ASSIGNMENT: Extract the text of every entry below exactly; leave images out.

** Opening EXTRACTED DATA block **

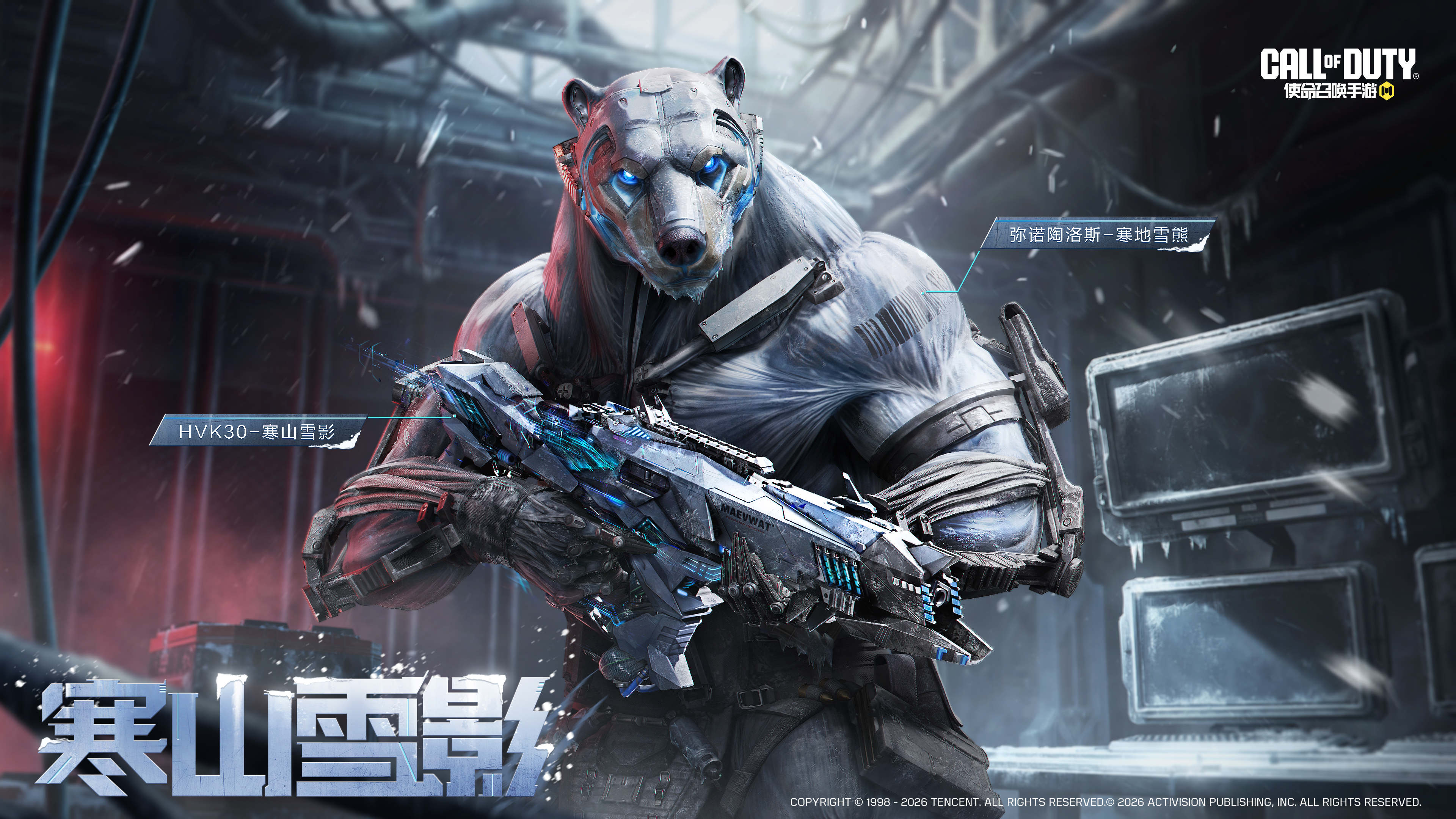 1月30日(本周五),寒山雪影活动正式开启,弥诺陶洛斯-寒地雪熊手持传说级武器HVK30-寒山雪影强势登场!
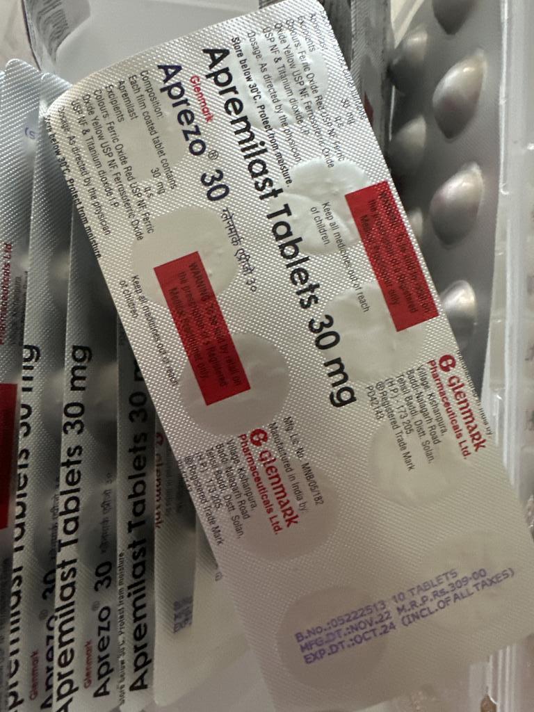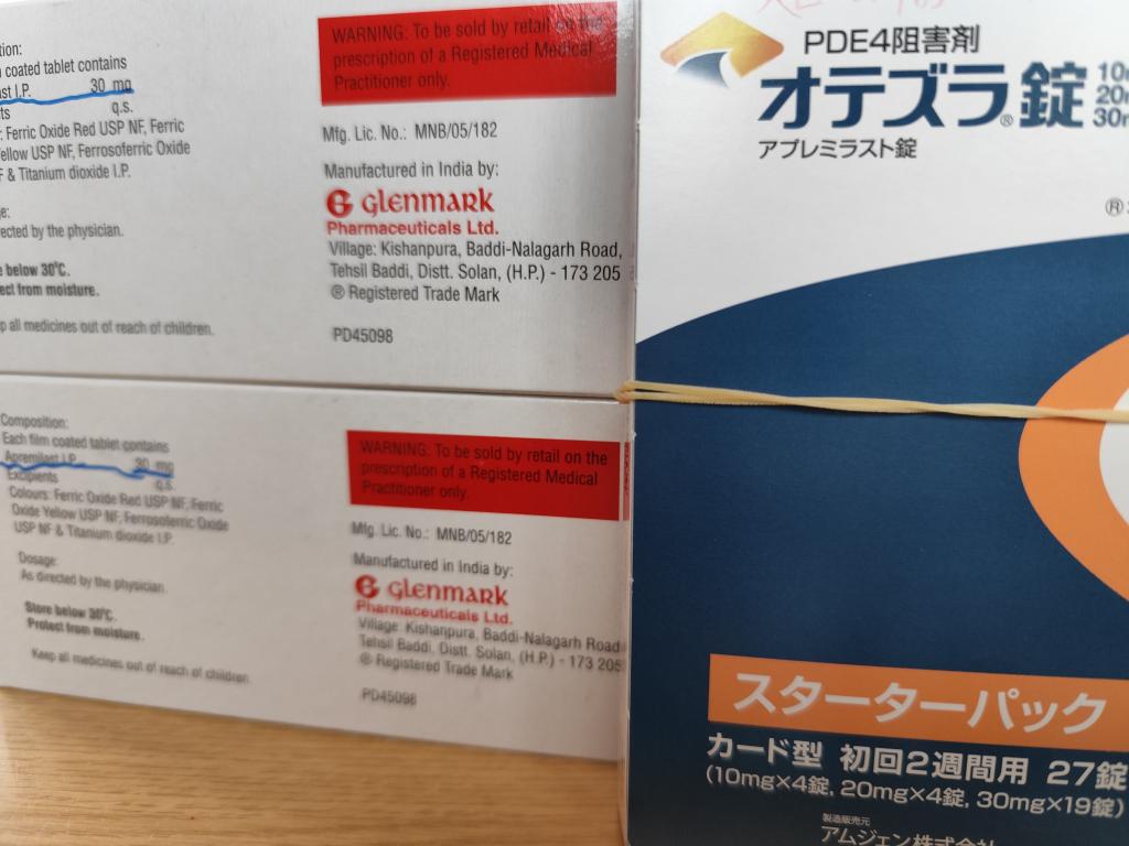 皆さんが書き込まれて居るように、国内のオテズラ錠30mg処方薬は、非常に高価ですが治療に対しては有効で継続的なお薬ですが、なにせ高額となりますので継続服用には頭痛の原因となります事から医師に相談しましたが、国内のジェネリック薬は有りませんとのことでしたのですが、こちらのオオサカ堂さんで海外のジェネリック薬として個人での購入が可能で有ることを知り、即座に注文させて頂きました。オオサカ堂さんでの購入額で有るなら(それでも長期間になれば負担は大きいですが、医療薬局よりは遥かに負担軽減になりますので)このまま服用が続けられるとすがりました。リピートしたいと思います。有り難うございました。
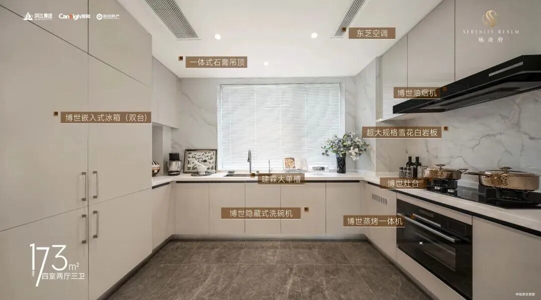 在当前3-4万单价新盘中,项目室内精装标准属于高档次水平。餐客厅铺设大理石地面,墙面采用软包、木饰面;中央空调、地暖、新风三大件配齐;厨房配置博世六件套,并单独安装东芝空调;卫浴采用松下、汉斯格雅、唯宝品牌。
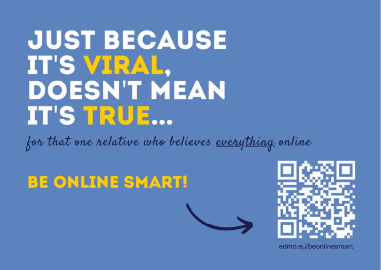 “Be Online Smart” is an offline campaign, with postcards, posters, and stickers distributed across all 27 EU member states by EDMO’s 14 national and regional hubs from 12 May until 30 May. These materials will raise awareness in schools, libraries, community centres and other public spaces.
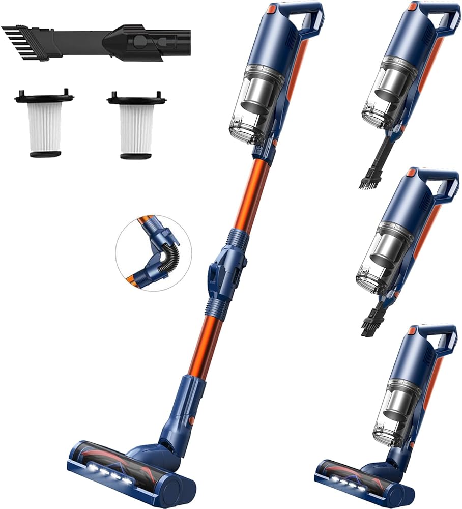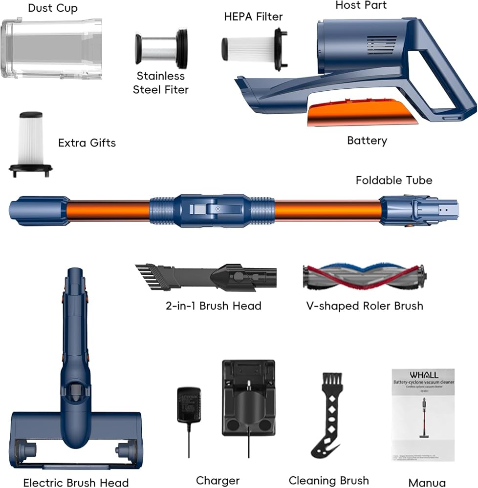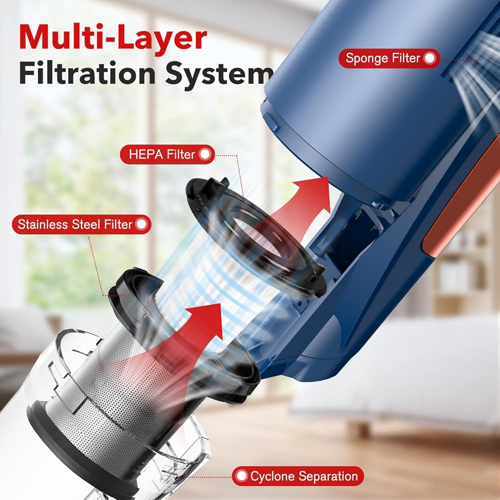 💎【نظام ترشيح فعال من 4 طبقات】 تقنية الإعصار جنبًا إلى جنب مع فلتر عالي الكثافة في المكنسة الكهربائية اللاسلكية تنظف ما يصل إلى 99.99% من الغبار والجسيمات الدقيقة وتمنع تلوث الهواء الثانوي، مما يوفر لك تجربة تنظيف ممتازة. ملحوظة: يمكن غسل الفلتر وفصله ويوجد فلتر إضافي هدية.

** Closing EXTRACTED DATA block **

SOLUTION TO THE EXERCISE:
 1月30日(本周五),寒山雪影活动正式开启,弥诺陶洛斯-寒地雪熊手持传说级武器HVK30-寒山雪影强势登场!
 皆さんが書き込まれて居るように、国内のオテズラ錠30mg処方薬は、非常に高価ですが治療に対しては有効で継続的なお薬ですが、なにせ高額となりますので継続服用には頭痛の原因となります事から医師に相談しましたが、国内のジェネリック薬は有りませんとのことでしたのですが、こちらのオオサカ堂さんで海外のジェネリック薬として個人での購入が可能で有ることを知り、即座に注文させて頂きました。オオサカ堂さんでの購入額で有るなら(それでも長期間になれば負担は大きいですが、医療薬局よりは遥かに負担軽減になりますので)このまま服用が続けられるとすがりました。リピートしたいと思います。有り難うございました。
 在当前3-4万单价新盘中,项目室内精装标准属于高档次水平。餐客厅铺设大理石地面,墙面采用软包、木饰面;中央空调、地暖、新风三大件配齐;厨房配置博世六件套,并单独安装东芝空调;卫浴采用松下、汉斯格雅、唯宝品牌。
 “Be Online Smart” is an offline campaign, with postcards, posters, and stickers distributed across all 27 EU member states by EDMO’s 14 national and regional hubs from 12 May until 30 May. These materials will raise awareness in schools, libraries, community centres and other public spaces.
 💎【نظام ترشيح فعال من 4 طبقات】 تقنية الإعصار جنبًا إلى جنب مع فلتر عالي الكثافة في المكنسة الكهربائية اللاسلكية تنظف ما يصل إلى 99.99% من الغبار والجسيمات الدقيقة وتمنع تلوث الهواء الثانوي، مما يوفر لك تجربة تنظيف ممتازة. ملحوظة: يمكن غسل الفلتر وفصله ويوجد فلتر إضافي هدية.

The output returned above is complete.